YANAN ATEŞE BOCA EDİLEN YAĞ VE CUMA SADAKASI

Çocukluk yıllarında ailemizde sofraya, 10-12 kişi olarak oturulurdu. Küçük kardeşlerim yaşamadığından, ailenin en küçüğü olarak annemin yanında ayaktaş/koruma olarak da ben, bulunurdum.

Âile kalabalık olduğu için evde her gün ekmek yapılır ve her gün yemek pişirilirdi. Perşembe günü akşamı ise özel bir durum arzederdi.

Yaz mevsimlerinde tarlada çalışılırken ikindi sularında –annemle birlikte- tarladan ayrılır ve sür‘atle eve gelirdik. Rahmetli anneciğim, hemen hamur tutar ve mayalamaya bırakırdı.

Hamur mayalandığında ise hemen onları bir taraftan kızartır. Bir taraftan da kızarmış lokmaları, bakır tepsiye/siniye doldurarak beni, köyün girişine gönderir bu lokmaları, dağıttırır idi.

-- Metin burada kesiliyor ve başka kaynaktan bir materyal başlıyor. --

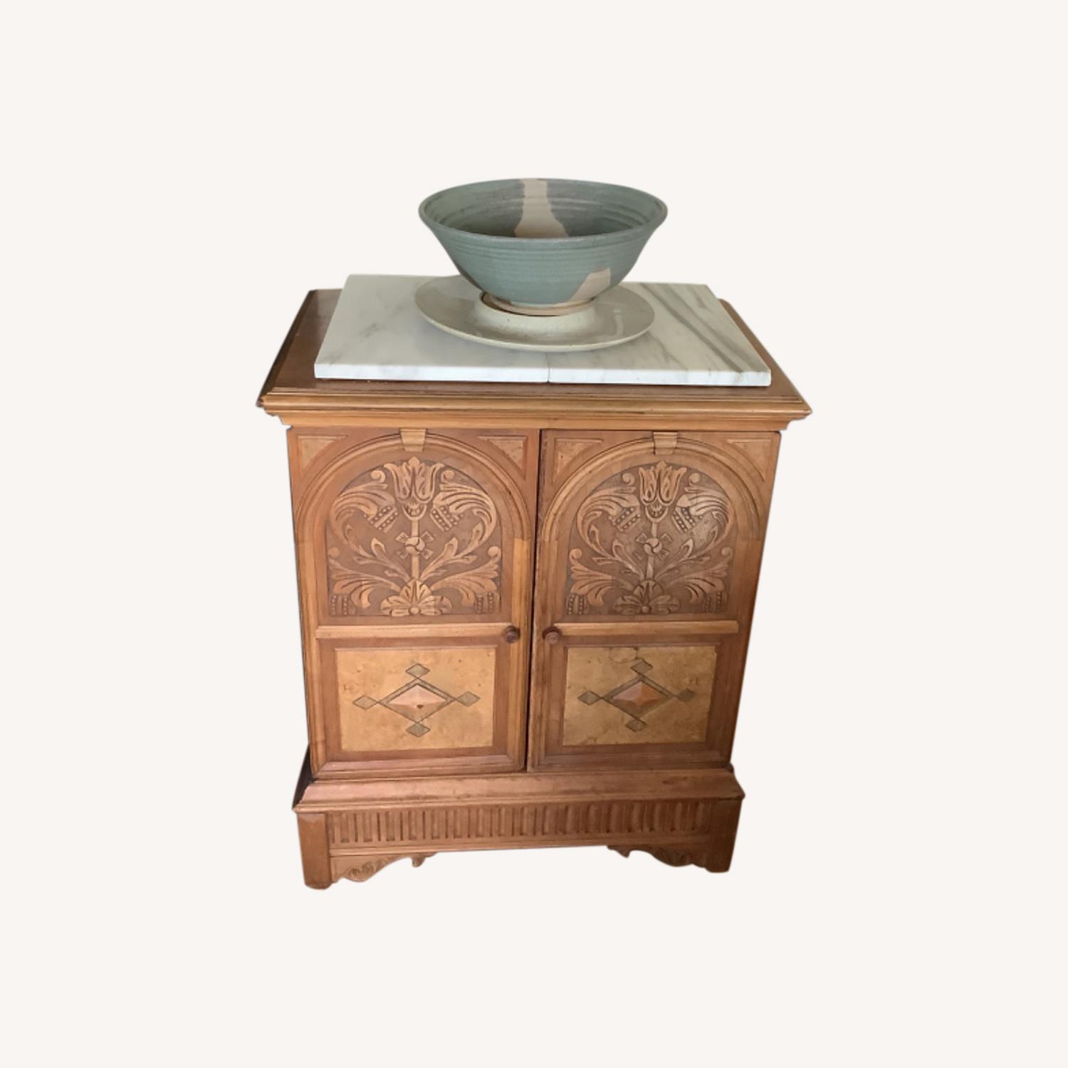 Seller's Notes:Antique walnut cabinet with two interior shelves. No back panel. Top discolored.

Gün batarken aç ve yorgun olarak evlerine dönen köylüler ve de çobanlar için bu ikrâm, çok rağbet görüyordu. Bu vesileyle ailemize dua ediliyor ve saygı besleniyordu.

Burada, rahmetli annem ile bağlantılı olarak, dikkatimi çeken en önemli husus, hamur maya tutmadığı zaman anneciğim, kendi şivesiyle, bahçeden bana seslenir ve:

Ercep! Uşam! Yağ küpünden bir kaşık yağ al! Ateşe at! Ölülerimiz, geriye boş dönmesin! derdi. Bunun üzerine ben, kepçemsi bir tahta kaşık ile küpten kaz veya kurban yağını alır, ocakta alev alev yanan ateşin üzerine boca ederdim. O anda bütün evi, hatta bütün köyü, yağ kokusu, sarmış olurdu.

 Rahmetli anneciğim, ümmî idi. Okumayı da yazmayı da bilmezdi. Ama o, ocaktan aldığı değerlere sahipti.